No matter how bad the life is, you can certainly make it blossom.

it is better to run your own business than to improve others

Why not try to change each other in a marriage?

there is an incisive answer on the Internet: if the rope is tied too tightly, it will break; if you control the relationship too much, you will be tired.

everyone is an independent individual in marriage and has his own habits. If you blindly ask your partner according to your own standards, it is bound to arouse his dissatisfaction and anger.

in the end, you are unhappy, he is unhappy, and the marriage will not be happy.

Internet celebrity professor Dai Jianye once said:

never aim high for love and marriage. The greater the ambition, the deeper the pain. The more you ask, the less you gain. In the world of two people, you can have 'high standards' for yourself, but you can't be 'strict' with your partner.

changing others is a psychopath, but changing yourself is God.

A good marriage is never a selfish transformation, but an all-round acceptance. Instead of expecting the other person to change, make your own change.

when her best friend Xixi and her husband first got married, they disliked each other's view of consumption.

Xixi usually spends a lot of money and thinks that "money is spent". Only when he learns to spend money can he know how to make money. Her husband, on the other hand, believes that "money is saved" and that if he can spend a penny less, he will never spend a penny more.

for this reason, the two people often quarrel.

you say I am extravagant, I say you are stingy, no one is willing to change for each other, and even to the point of divorce.

unexpectedly, after lowering their expectations of each other and no longer trying to change each other, the two people lived more easily.

with fewer disputes with her husband, Xixi spends more time and energy on self-improvement.

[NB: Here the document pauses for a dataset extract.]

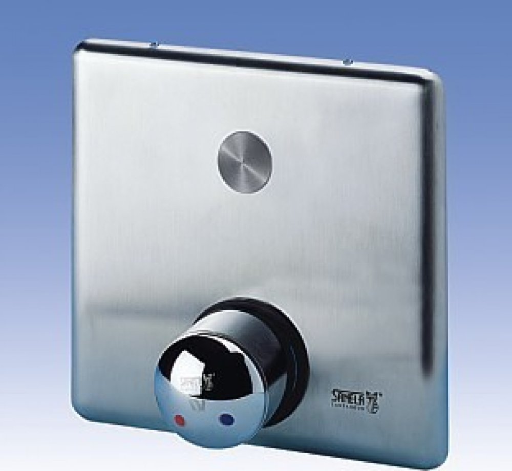 SLS 02PB - obj. č. 12023 - nerezový kryt s elektronikou pro bateriové napájení, nerezová instalační krabice se zabudovaným elektromagnetickým ventilem, míchací baterií a šroubením, lithiová napájecí baterie SLA 09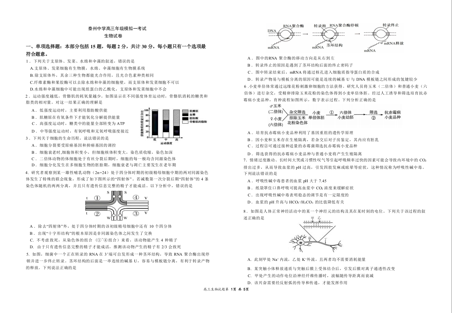 江苏省泰州中学2025届高三上学期一模考试生物+答案

in just two years, she has not only become more capable of working, but also learned how to manage and invest money. In addition, in the process, she also realized some of her previous misconceptions about consumption.

and her husband, seeing her growth and change, also learned self-reflection and learned to find reasons from himself first.

Today, the relationship between husband and wife is sweeter than before marriage, and the concept of consumption has gradually reached a consensus.

as Xixi said: "lower expectations externally, improve yourself internally, and life will definitely give you unexpected surprises."

A person's first step towards happiness must be his own efforts and actions.

manage yourself well, self-confidence and self-love, the marriage will be happy, life will be wonderful.

Marriage is a self-cultivation

the real meaning of marriage is not to find a perfect partner, but to make yourself better.

No matter whose wife or husband you are, first of all, you are yourself.

regard marriage as a self-cultivation, practice well, and strive to become a better self.

only by being a better you and a better me can we become a better us.